JC: Besides a good dictionary, what one grammar or style book should everyone own? (Besides yours and mine, of course!)
MF: Garner's Modern American Usage. It's the most complete, straightforward usage guide I know of.
Wednesday, August 13, 2008
Someone asked me yesterday whether as can be used to mean because. Yup. It can.
Webster's New World College Dictionary, American Heritage's fourth edition, and Dictionary.com all list because as one of (many) definitions of as. Also good to know ...
As, when used to mean because, is a conjunction.
Example: As you are late, I'll dock your pay.

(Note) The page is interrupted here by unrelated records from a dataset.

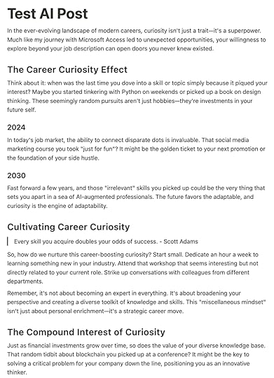 Next, I immediately noticed the heavy use of the word curiosity and blatant references to some of the specific words I used in my original, human-generated post. The date-related headers above aren’t coincidences, either. AI sensed a pattern from my post on curiosity and, for better or worse, replicated it.
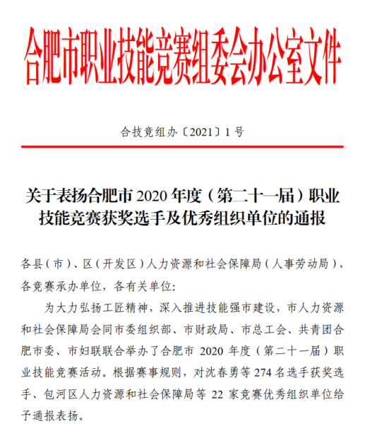 近日,從合肥市職業(yè)技能競賽組委會(huì)辦公室獲悉,合肥郵區(qū)中心局蟬聯(lián)合肥市 2020年度(第二十一屆)職業(yè)技能競賽優(yōu)秀組織單位。孔志銘等6名同志榮獲“合肥市技術(shù)能手”榮譽(yù)稱號(hào)。該局連續(xù)十二年承辦合肥市業(yè)務(wù)技能競賽,連續(xù)十二年被評(píng)為優(yōu)秀組織單位,涌現(xiàn)一批集團(tuán)、省級(jí)業(yè)務(wù)技術(shù)能手及上百名市級(jí)術(shù)能手和金牌職工。
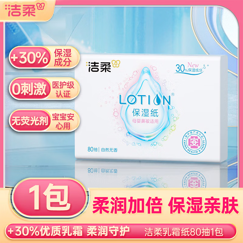洁柔lotion抽纸柔软亲肤鼻炎母婴适用纸巾保湿面巾纸乳霜纸不易红鼻头 【感冒适用】 3层 80抽*1包
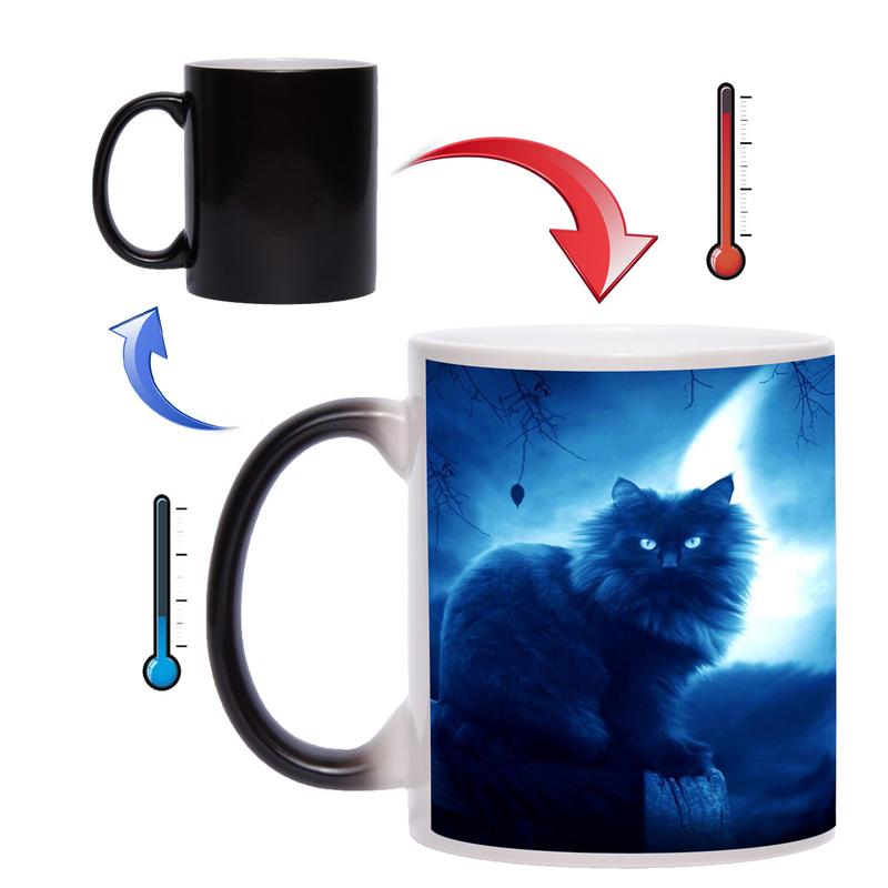Чашка хамелеон - оригинальный подарок для Ваших друзей, коллег и близких людей. При наполнении кипятком, на чашке хамелеон проявляется красочное изображение кота на фоне луны. Данная чашка будет стильным подарком к любому празднику. Сделайте обычное чаепитие ярким и интересным с чашкой хамелеон!

Think of subordinating conjunctions such as because, if, though, while, since, etc. (Refresher: Remember that conjunctions join things, but subordinating conjunctions join things in such a way as to make them grammatically inequal in a sentence. That is, I like you is a complete sentence. But when we put because in front of it -- because I like you -- it ceases to be a complete sentence. By adding a word, we have subordinated our clause -- made it grammatically less than a complete sentence. More is less. That's the magic of subordinators.) But ...

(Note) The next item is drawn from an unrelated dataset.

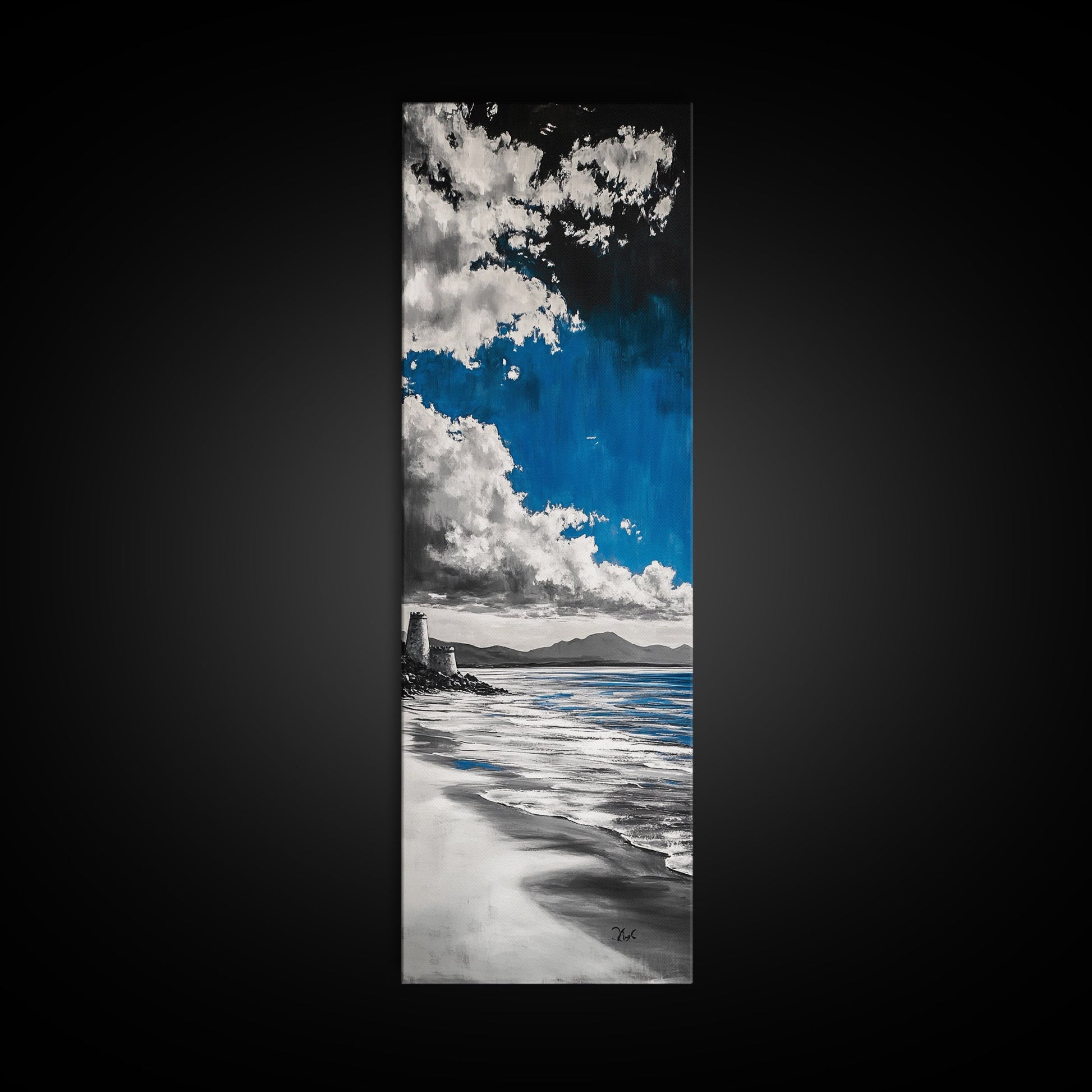 Castle Beach, Coastal Landscape, Blue Sky Painting, Framed Canvas Print, Nautical Decor, Living Room Art, Ocean Lover Gift

As is, first and foremost, an adverb, the dictionaries say.
Remember that adverbs modify verbs, adjectives, other adverbs, or whole sentences and they answer the questions how, when, where, and to what degree?
So in I'm just as happy at home, the word as is modifying happy in a way that expresses degree.
As can also be a pronoun.
In, We are tired, as anyone can see, the word as is pretty much an object of the verb see. It's almost like saying anyone can see it. Therefore, this as is a pronoun.

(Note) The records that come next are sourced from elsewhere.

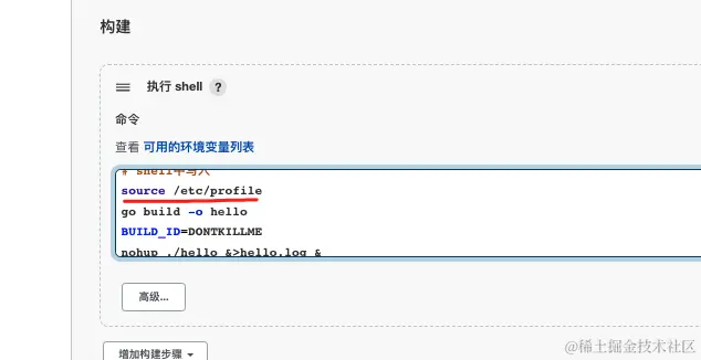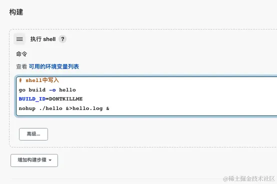 推荐将写在Jenkins上面 执行Shell的内容 写入到deploy.sh中,并推动到Github仓库,成为项目的一部分(这个deploy.sh脚本仅用于构建),而后将Jenkins 执行Shell的输入框改为bash ./deploy.sh
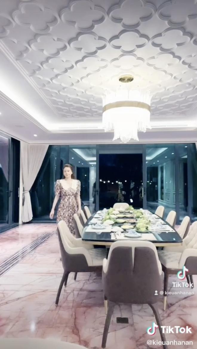 Theo những gì xuất hiện trong đoạn TikTok của Anan Nguyễn, khu vực phòng khách với trần siêu cao cùng chùm đèn khổng lồ, tất cả đều theo tone màu sáng sủa, hiện đại.
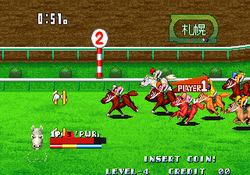 Stakes Winner is a thoroughbred horse racing game similar to Winning Post, where players take control of any of the available horses, each with their own strengths and weaknesses, to compete against either AI opponents or other human players across multiple races.[1][2][3][4][5][6] Players control their horse with the joystick while two action buttons are used; one controlling the reins for small accelerations that drains little portions of the horse's stamina and another for the whip for fast speed, which drastically consumes stamina from the horse and if the stamina is depleted completely, racing is given up for a short period.[7] Two quick taps on the joystick at any direction allows the horse to push back an opponent in front of them, however two quick taps on the opposite side reduces speed.[7] Power-ups also spawn on the race track for players to pick up.[7] Failing to qualify for the next race results in a game over screen unless players insert more credits into the arcade machine to continue playing.
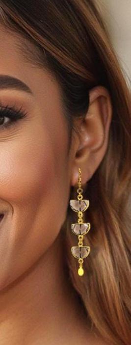 Indulge yourself in the luxurious and captivating beauty of these boho luxe smokey quartz earrings. These stunning long dangling gold statement earrings featuring elegant shimmering smokey quartz stones and dazzling light-catching gold leafed accents. These gorgeous glamorous quartz earrings dangle and catch the light beautifully, illuminating the mesmerizing beauty of sparkling amber brown and golden hues. You will turn heads and start conversations with these stunning sophistocated brown drop earrings. Elevate any evening dress or statement outfit or treat a loved one to an unforgettable gift with these irresistible earrings that are at once both timeless and modern. They will be an unforgettable addition to your quartz jewelry collection.
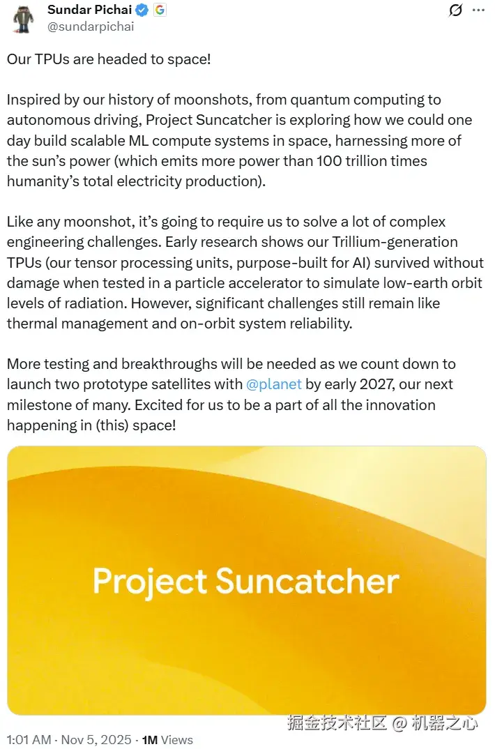 这个项目被命名为 Project Suncatcher(捕光者计划),这是一个「基于太空的可扩展 AI 基础设施系统设计」。谷歌 CEO Sundar Pichai 表示,此项目可以更好地利用太阳的能量来驱动 AI,毕竟太阳发出的能量比人类总电力生产量高出 100 万亿倍。
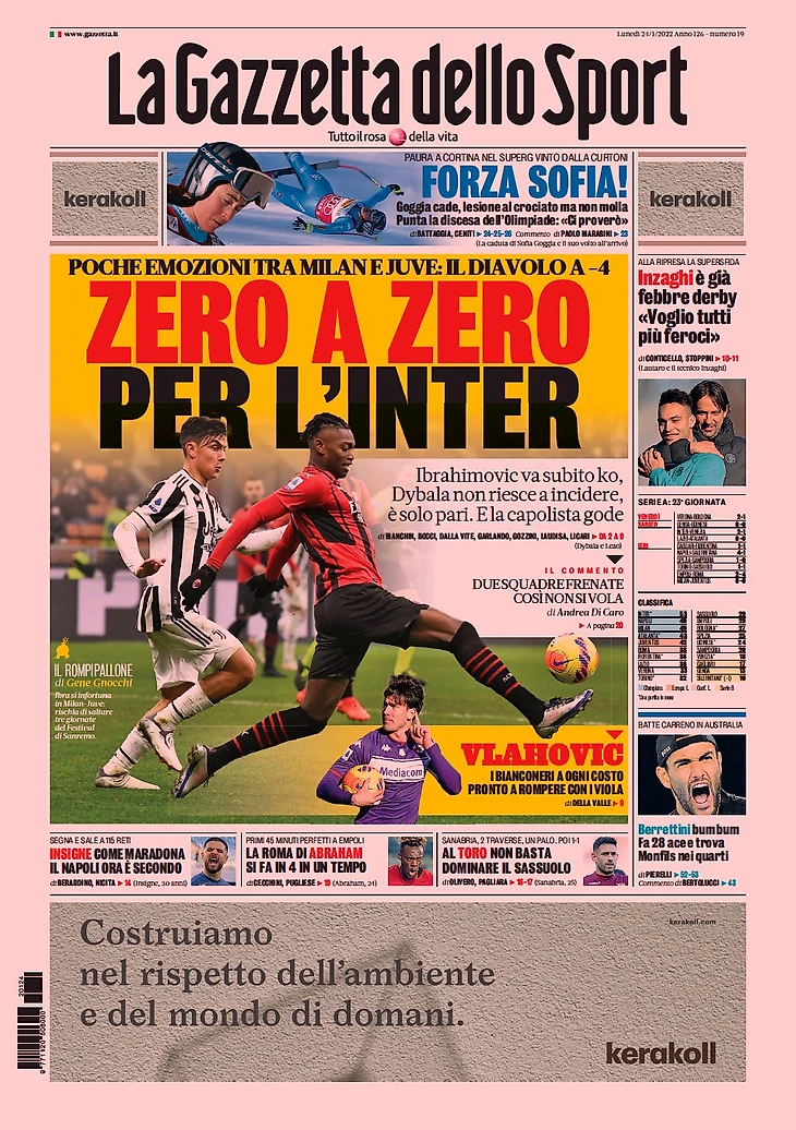 «Сыграли за «Интер». Заголовки Gazzetta, TuttoSport и Corriere за 24 января

As can also be a preposition.
As a preposition, it often means (basically) like. It's pretty easy to identify because, like all prepositions, it takes an object. In He's mean as a snake, the noun phrase a snake is the object of our preposition as.
Find these distinctions less than clear?
Don't feel bad. The dictionaries themselves seem to struggle with this stuff. For example, here's an American Heritage example of as being used as an adverb: The child sang as sweetly as a nightingale.
And here's an American Heritage example of as used as a conjunction: You are as sweet as sugar.
A while back, I reported here that linguist Geoffrey Pullum says that dictionaries are often very bad at distinguishing between adverbs and adjectives. Apparently, there are some other parts of speech they're none too clear on either (or at least not clear enough to demonstrate it better than this).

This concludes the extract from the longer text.